Assigned task:
In the material below, the required lines run from the one containing "SAFe SPC 6.0 Final" through the one containing "This app is". Copy those lines exactly, ends included, and nothing else.

□ □ □ □ □ □ □

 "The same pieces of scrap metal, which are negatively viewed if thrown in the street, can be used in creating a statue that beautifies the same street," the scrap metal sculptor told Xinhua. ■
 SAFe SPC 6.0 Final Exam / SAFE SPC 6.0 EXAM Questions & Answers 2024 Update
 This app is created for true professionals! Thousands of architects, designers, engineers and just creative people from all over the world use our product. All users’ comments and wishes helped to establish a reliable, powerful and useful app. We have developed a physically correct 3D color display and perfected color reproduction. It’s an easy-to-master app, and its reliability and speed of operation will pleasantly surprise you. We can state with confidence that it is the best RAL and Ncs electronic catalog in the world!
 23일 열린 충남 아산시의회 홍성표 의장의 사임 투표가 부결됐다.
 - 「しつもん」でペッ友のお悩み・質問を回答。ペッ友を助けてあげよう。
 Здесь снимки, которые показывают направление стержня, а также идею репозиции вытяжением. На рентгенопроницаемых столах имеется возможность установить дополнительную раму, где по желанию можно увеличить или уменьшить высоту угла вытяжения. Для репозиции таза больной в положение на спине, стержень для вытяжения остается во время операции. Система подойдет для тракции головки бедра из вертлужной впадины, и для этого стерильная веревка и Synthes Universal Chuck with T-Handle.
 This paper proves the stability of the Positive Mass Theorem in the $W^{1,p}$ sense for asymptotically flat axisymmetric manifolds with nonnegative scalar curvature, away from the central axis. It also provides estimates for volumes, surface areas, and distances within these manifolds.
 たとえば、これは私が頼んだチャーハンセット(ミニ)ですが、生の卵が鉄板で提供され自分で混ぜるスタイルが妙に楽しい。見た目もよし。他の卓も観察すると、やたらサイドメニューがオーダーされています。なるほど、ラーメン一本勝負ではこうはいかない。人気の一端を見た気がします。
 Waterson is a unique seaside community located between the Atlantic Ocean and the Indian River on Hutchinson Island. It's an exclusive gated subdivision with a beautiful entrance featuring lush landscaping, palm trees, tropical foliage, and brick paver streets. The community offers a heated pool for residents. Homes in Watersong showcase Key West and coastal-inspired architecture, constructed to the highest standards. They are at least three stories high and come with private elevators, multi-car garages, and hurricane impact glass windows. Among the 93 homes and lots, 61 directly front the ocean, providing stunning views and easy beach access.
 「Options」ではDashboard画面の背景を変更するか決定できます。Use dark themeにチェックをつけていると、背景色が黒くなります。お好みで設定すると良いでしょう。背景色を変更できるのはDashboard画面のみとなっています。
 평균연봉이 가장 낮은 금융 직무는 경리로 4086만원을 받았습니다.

□ □ □ □ □ □ □

The answer:
 SAFe SPC 6.0 Final Exam / SAFE SPC 6.0 EXAM Questions & Answers 2024 Update
 This app is created for true professionals! Thousands of architects, designers, engineers and just creative people from all over the world use our product. All users’ comments and wishes helped to establish a reliable, powerful and useful app. We have developed a physically correct 3D color display and perfected color reproduction. It’s an easy-to-master app, and its reliability and speed of operation will pleasantly surprise you. We can state with confidence that it is the best RAL and Ncs electronic catalog in the world!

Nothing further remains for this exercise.